# threaded drivers (been a while long post!)



## idontcarehoe (Jul 28, 2010)

Is the D220Ti good driver to get back into it?

I've had the bodies forever but I'm still a noob when it comes to horns. I had them installed in a maxima almost 15 years ago but with hardly any tuning, cross over and a little eq, they got ridiculously loud and didn't sound half bad. Ended up cooking the drivers and in my brilliance I didn't realize just the diaphragm could be replaced so I threw out the entire driver :surprised: I believe they had a Motorola driver before

i've looked through a few threads, took note at what some other members are using. I'm mostly just looking for a driver that I can set up pretty easy and sounds good without much tuning. the d220ti look pretty good and I was looking to spend less than 100/each so at half that price they look even better

I haven't even tried to fit them under the dash of my daily (Toyota yaris! - sucks but I drive +1000miles a week) ,but since i've been looking on here ive been kicking under the dash and there aint much there, passenger side has plenty of room. I'm going to give it a simple (cheap) set up with some gear i've got laying around and the few things I do need to buy aren't going to be big $$. i'll let the headunit do most of the tuning.

what i've already got:

head unit: alpine 9855, 3way active, time alignment, 5/7 band eq

amp for horns: ss van gogh 400.2 should give [email protected], had since new- takes up some real estate though so I would like to swap to something newer and smaller

midbass - for now the 6.5" from eclipse 3way components, i'll step up for a 6"/8" proaudio driver after I get everything in a working and see how weak they are. doors have been deadened/sealed up metal structure behind panel, mdf baffle etc.

I sold most of my 4channel amps so I was thinking something like the ppi phantom 900.5, bridge 4 channels for midbass 200ishx2 and 400x1 for sub

sub will just be a decent 8, ported box


----------



## thehatedguy (May 4, 2007)

Why a threaded driver? You don't need a threaded driver in particular.

Which bodies?

The 220ti is a nice driver for the money and is used a lot by the home guys. There are better, but better for the money is hard to do.


----------



## idontcarehoe (Jul 28, 2010)

woops I guess that would have helped 

bodies are the crystal mobile sound they have a rotatable base threaded or 4 bolt drivers iirc


----------



## minbari (Mar 3, 2011)

hard to tell from a picture, but they look like pretty thin plastic. If that is the case, you may want to deaden the crap out of them first.

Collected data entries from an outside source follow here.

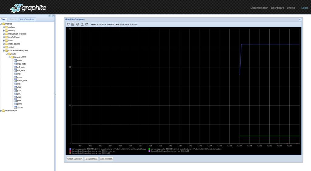 Like Prometheus, Graphite includes its own visualization dashboard. It is available at the URL http://localhost/.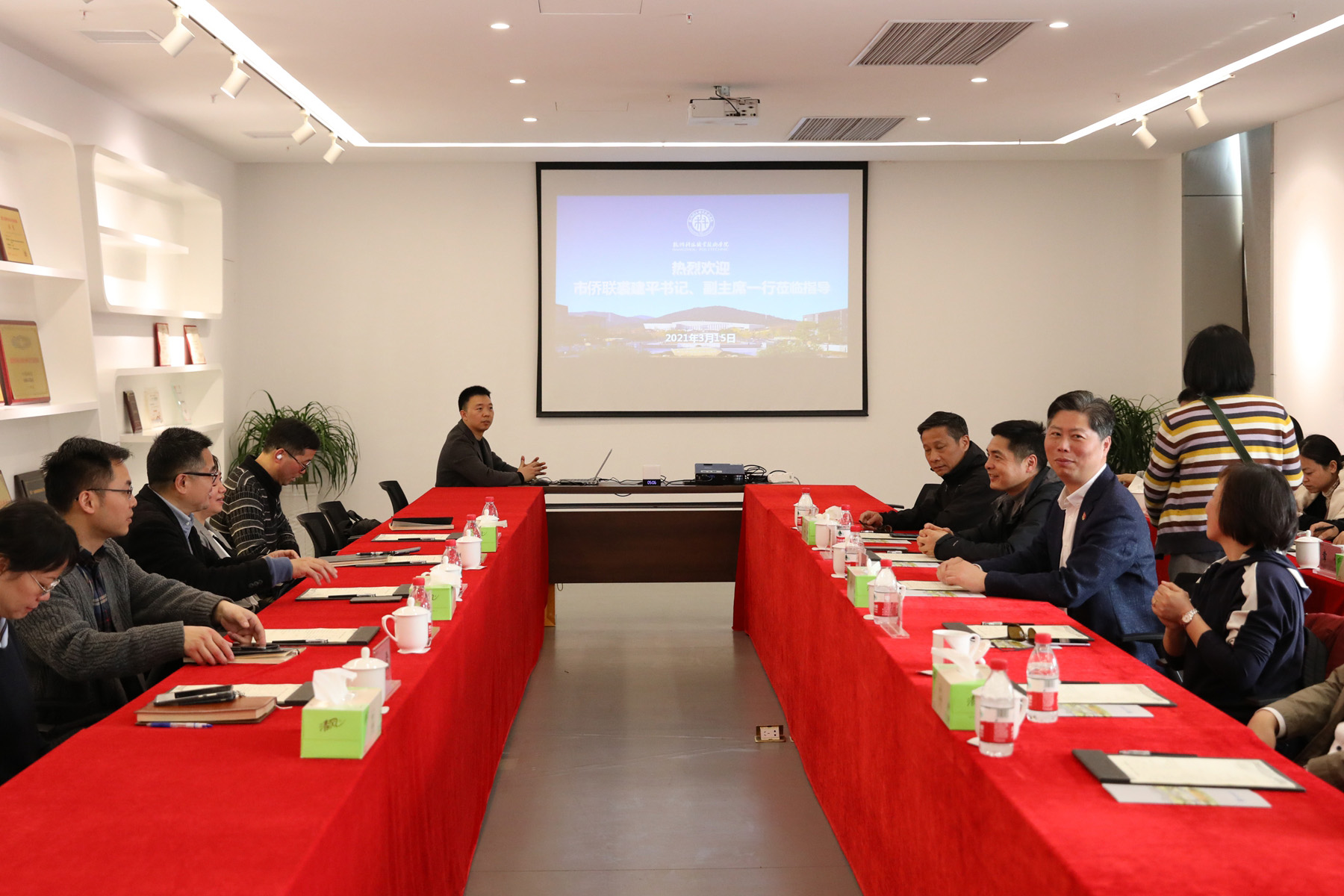 近日,杭州市侨联党组书记、副主席裘建平,侨联副主席、秘书长石利群,二级巡视员、党总支书记范方军,副主席陶晓亮,一级调研员丁佐等一行来校交流考察,校党委书记谢列卫出席接待,校统战部、宣传部、校侨联相关负责人陪同座谈。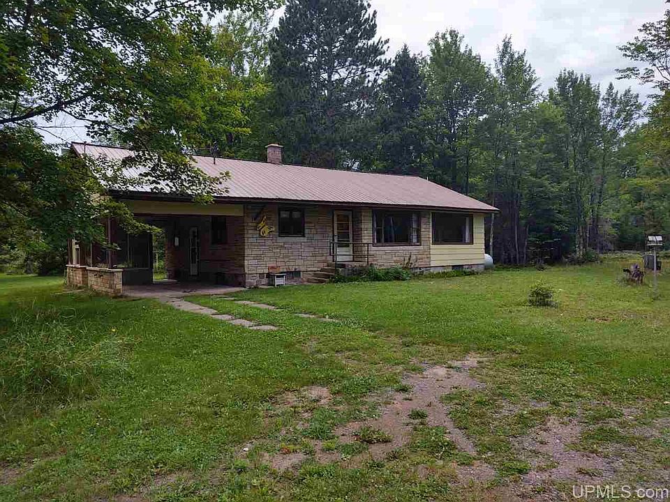 Great location and lots of room. This 3 bedroom home sits on 4 acres (36 more available) and has 2 large detached garages. An attached carport with screened in gazebo. The house has a large master bedroom with a private bath and patio door leading to a deck. The main floor also has another bedroom and a full bathroom. the detached buildings measure 33x24 and 25x30, all roofs are metal. The house is only 200 feet from the snowmobile/atv trail. (Property with all 40 acres $119,000).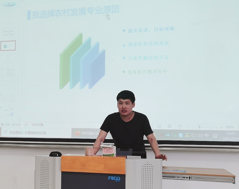 在读研究生法学专业丛毅竹、农推专业梁英杰,分别根据自身实际情况为大家提供相关经验分享和具体交流。从专业、英语、政治三方面分析。专业科目上,严格依据各高校考试大纲;英语科目方面,重在练习,多动脑,勤动手;政治科目方面,重视考试大纲,注意答题条理。此外,丛毅竹告诫同学们近年来考研队伍规模逐年扩大,报录比逐年增高,升学难度加大。第一志愿选择方面要综合自身情况综合分析、理性选择,着重强调了“不攀比看自己、多做题不怀疑”的考研心态,选择适配自身的高校和专业。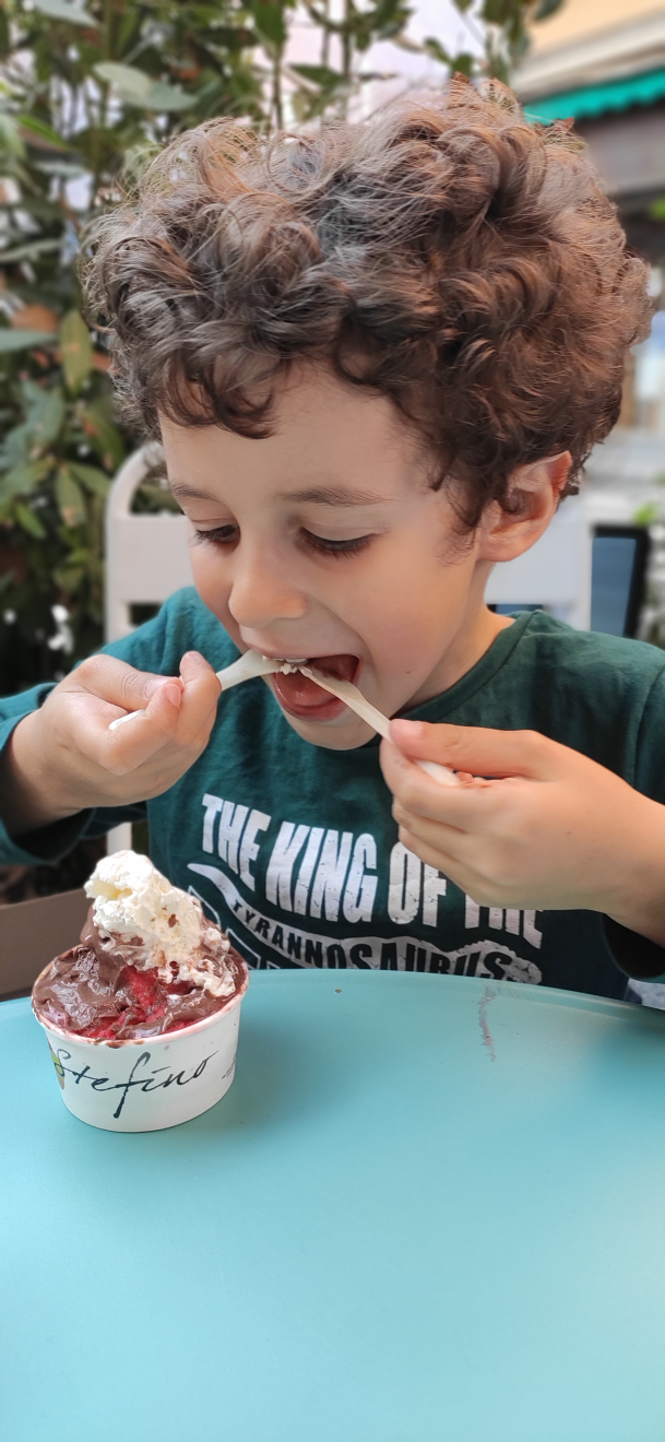 Во втором, довольно стильном Stefino Organic Gelato, есть „экологическиe“ и даже веганские сорта на базисе воды и рисового молока. Поэтому я действительно сомневался, имеет ли смысл туда идти или это просто результат современной необходимости в студенческом городе. Но на самом деле оказалось, что доля «немолочного» мороженного не такая уж и большая, много хороших сортов с настоящим молоком. Даже есть козье, не знаю, почему люди хотят есть из него мороженное. И они единственные, кто предлагает детям на мороженом взбитые сливки.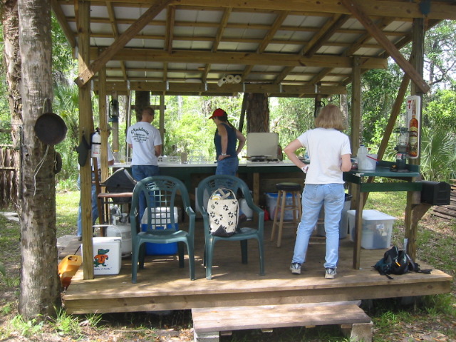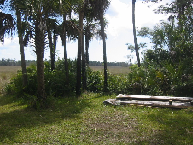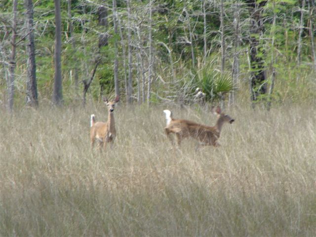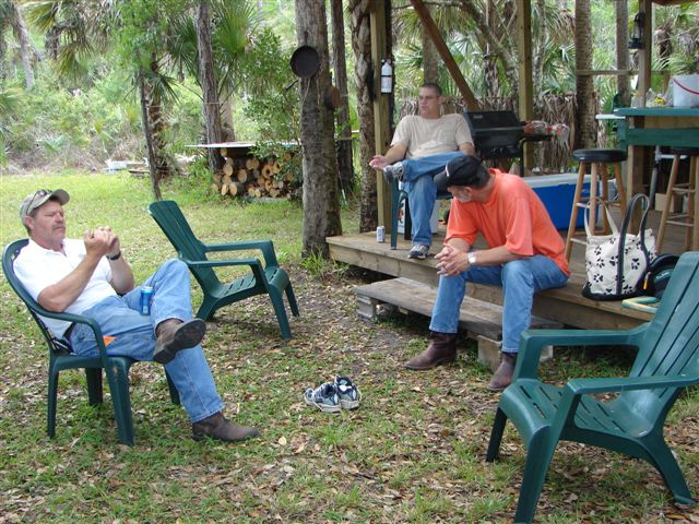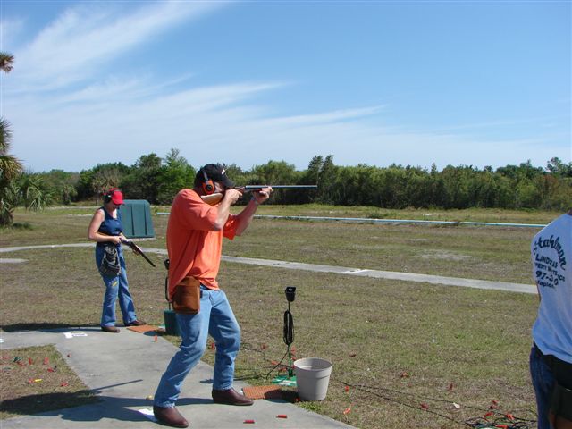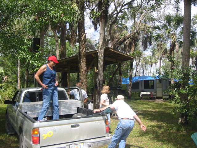 Today we traveled southeast of Naples and saw some of the real Florida. We traveled with Janet & Craig and Ray Carroll and his son, Robbie. Ray grew up in Naples and loves to show off his Florida and we love it. We went skeet & trap shooting in the morning and the girls did great. It was their first time and now they are hooked. We then went farther southeast to Ray's camp in the everglades. After about 35 miles on highway, then 3 miles on a dirt road, then 2.5 miles on a two track trail barely sqeezing between the bushes and drainage canals, we rode over about 1.5 miles of prairie (grasslands). The ride over the grassland felt like being on safari on the grasslands of Africa. We saw deer, hawks, lubbers (crickets) gators and no snowbirds except Alesa & I. It is the dry season and water is limited to gator holes and drainage canals. During the wet season the grasslands are covered with a few inches of water and only the higher (by inches) land, usually with trees, is above the water.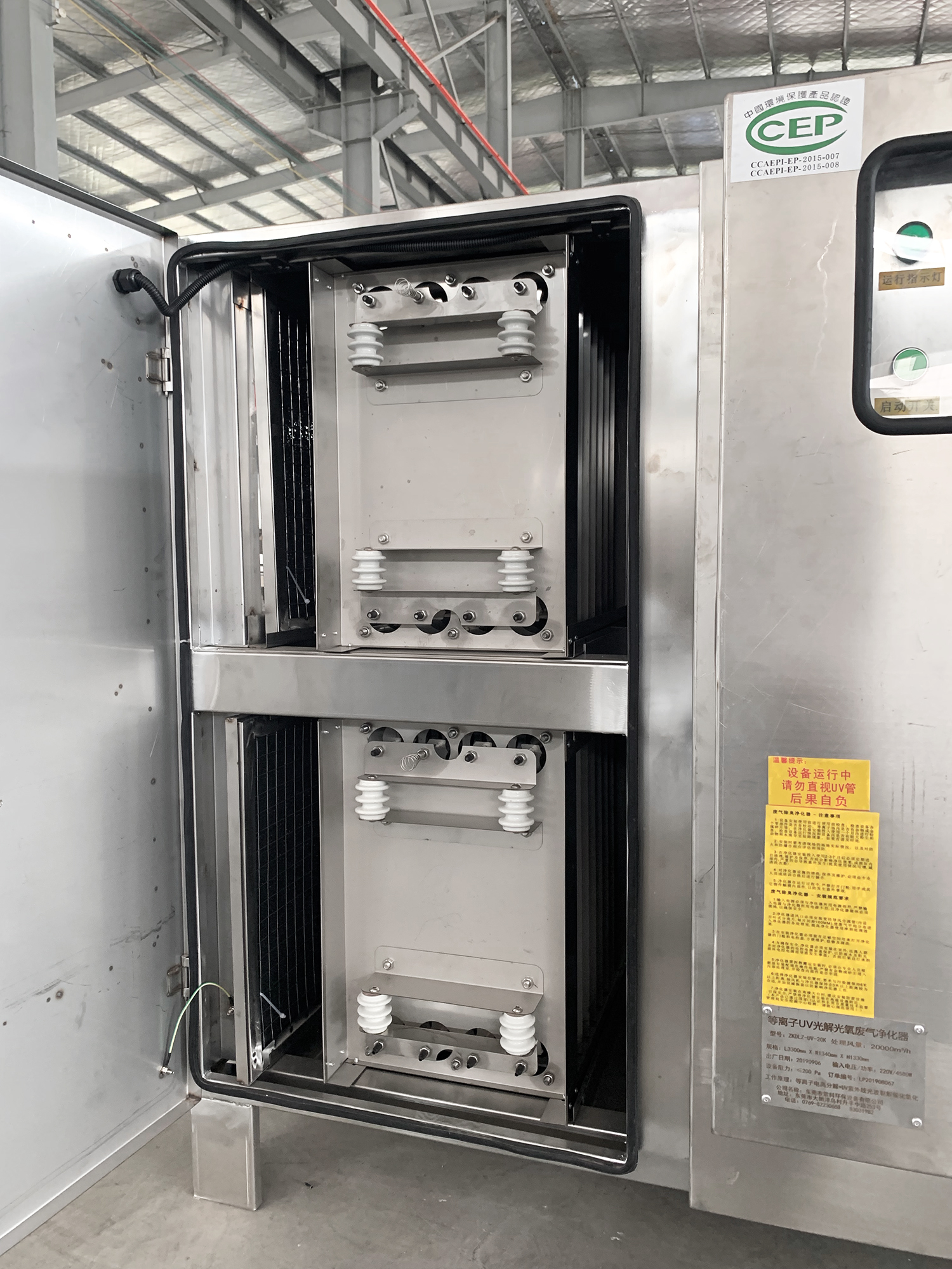 工作原理:在光解區(qū),利用特制的高能高臭氧UV紫外線光束照射異味氣體,經(jīng)多級凈化后徹底達到脫臭及殺滅細菌的目的;在分解區(qū),低溫等離子體降解污染物是利用這些高能電子、自由基等活性粒子和廢氣中的污染物作用,使污染物分子在極短的時間內(nèi)發(fā)生分解,并發(fā)生后續(xù)的各種反應以達到降解污染物的目的。最終達到排放標準。
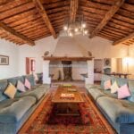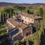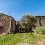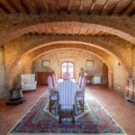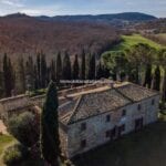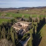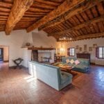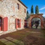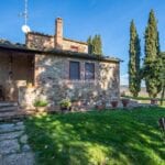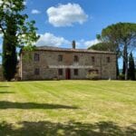 This renovated farmhouse sits on 6.5 acres of land in the Sienese hills, not far from the well-known spa town of Rapolano Terme. With its well-preserved rustic aesthetic, the property features two separate homes, 4 bedrooms for the owners and one bedroom for visitors, with a combined total of five bedrooms and four bathrooms. Some of the land could be used, if wanted, to plant a vineyard, and the centre courtyard is paved for comfortable outdoor gatherings.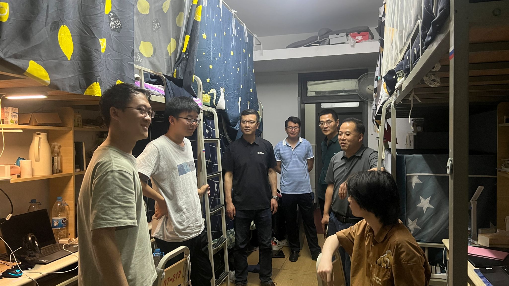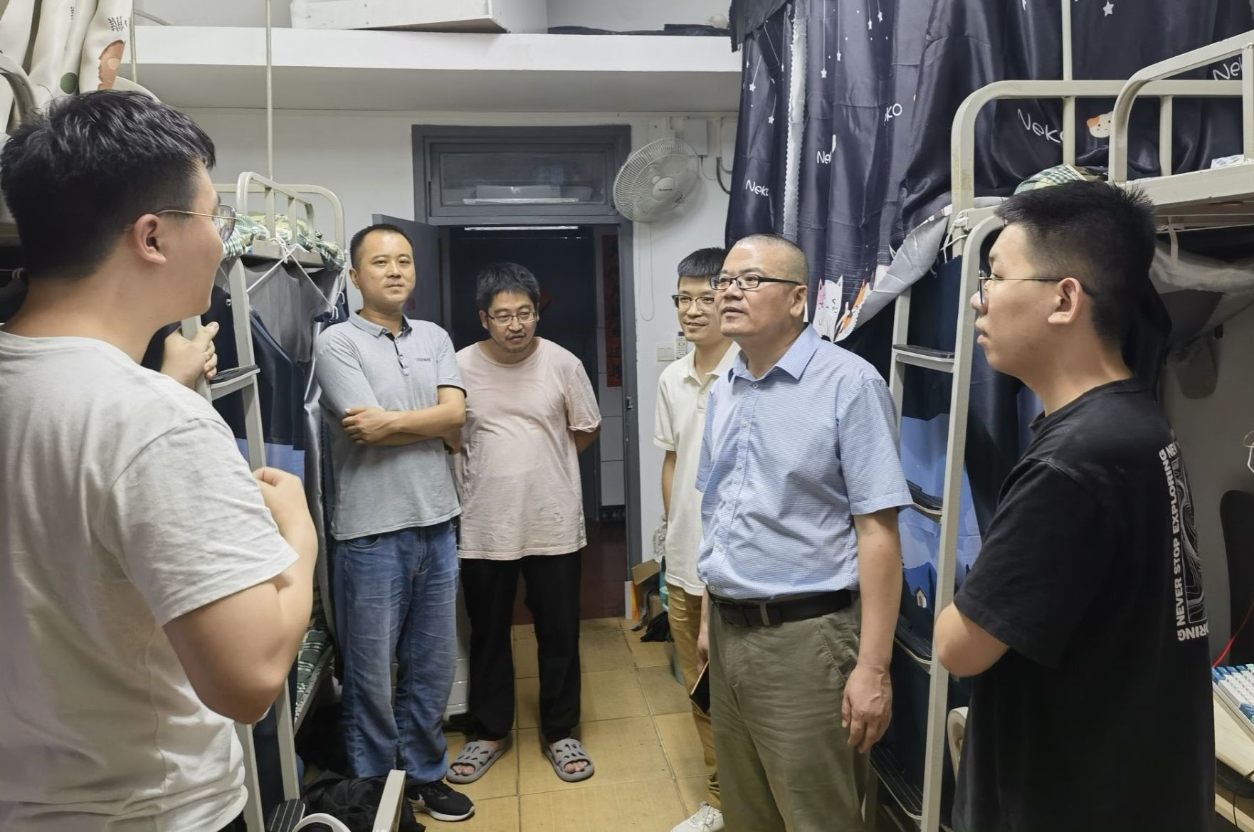 6月12日晚,经理穆炯,公司党委书记王中成,副经理李军、段旭良,党委副书记、纪委书记葛飞,各系室主任和两办老师深入员工寝室,看望和慰问了即将毕业的同学们。

if it accepts 4 hole, it will likely accept 2 hole as well. what is the throat opening diameter?


----------



## idontcarehoe (Jul 28, 2010)

throat opening I'm going to say is close to an inch, I will get a measurement tonight when I get home. plastic is thin, not flimsy thin but they do have a little _pingy _sound if you tap on them

another question I had was does orientation of the driver matter? the more I've been reading that the dash is an extension of the horn etc etc it seems like it would, should the driver be towards the outside of the car or towards the center console?


----------



## minbari (Mar 3, 2011)

I would definately deaden them then. (or buy different ones)

As long as the horn is facing the rear of the car and horizontally level. it wont make any difference since those have the ability to rotate the driver in any orientation. They will sound the same no matter how the driver is positioned.


----------



## Patrick Bateman (Sep 11, 2006)

IMHO the main reason that the D220ti got so popular was that it's inexpensive and it was mated to a very good waveguide that happened to have a screw-on throat. (The JBL waveguide from the Econowave.)

The B&C DE250 clones from Parts Express might work well. I personally prefer smaller drivers, which is why I would personally use one of the small Celestion compression drivers (also available at PE). But those drivers will limit you to a xover of 1500hz or so.


----------



## thehatedguy (May 4, 2007)

Those Crystals look like USD copies.

I've heard about major inconsistancies with the Dayton compression drivers...I don't think I could recommend them.

The Celestions on the other hand, nothing but great things about the whole line top to bottom. Though maybe only the 1730 could play the lowest...seen where it was sub'd for a DE250 in an E-wave with the same XO points.

That 220ti is a pretty big driver, see if you have room for it. Emerald Physics also uses it in their home speakers too, but the E-Wave was where it got it's push.

I have heard Faital Pro makes a really nice compression driver too.

There are some nice Beymas on eBay for about 140 ea.


----------



## thehatedguy (May 4, 2007)

Is he asking if the driver orientation on the rotomount matters or does it matter if the drivers need to be towards the sides of the car- ie the center is pointing across the car and not pointing outwards.



minbari said:


> I would definately deaden them then. (or buy different ones)
> 
> As long as the horn is facing the rear of the car and horizontally level. it wont make any difference since those have the ability to rotate the driver in any orientation. They will sound the same no matter how the driver is positioned.


----------



## idontcarehoe (Jul 28, 2010)

keep the suggestions and reviews coming, I'm open to whatever 
long day, didn't get home till late but you guys are up helping i'll throw in what I can, pics - excuse my kid's cheap plastic ruler, it's all I had handy
also yea I worded the orientation question wrong I think, I meant to ask should the throat of the horns be towards the outside of the car and the arc of the body towards the center or vice a versa


----------



## thehatedguy (May 4, 2007)

Yeah its a 1" driver.

The "short" side of the horn should be to the outsides of the car.

Got a few more things on my mind to ponder...will post more tomorrow.


----------



## idontcarehoe (Jul 28, 2010)

I assumed so, thanks! 

also I'm afraid this will not be going down, not with these bodies atleast. I tried to test fit without the driver and the bodies are about 3" to long to fit under the dash before they hit the firewall. however I will still like to pick up some drivers for them I have a few other projects they can be used. as for the yaris I will probably have to do some pillars with mid/tweet, which I loathe, because there is no room in the door panel for them


----------



## thehatedguy (May 4, 2007)

The only thing I was going to mention about using bolt on drivers would be the space between the driver and the throat where the driver bolts in at could cause some problems. I think you would want to use a bolt on to threaded adapter if you went that route or just use a threaded driver to begin with.


----------



## idontcarehoe (Jul 28, 2010)

Well I appreciate all the help...I'm going to plow through some more threads and make a decision on something


----------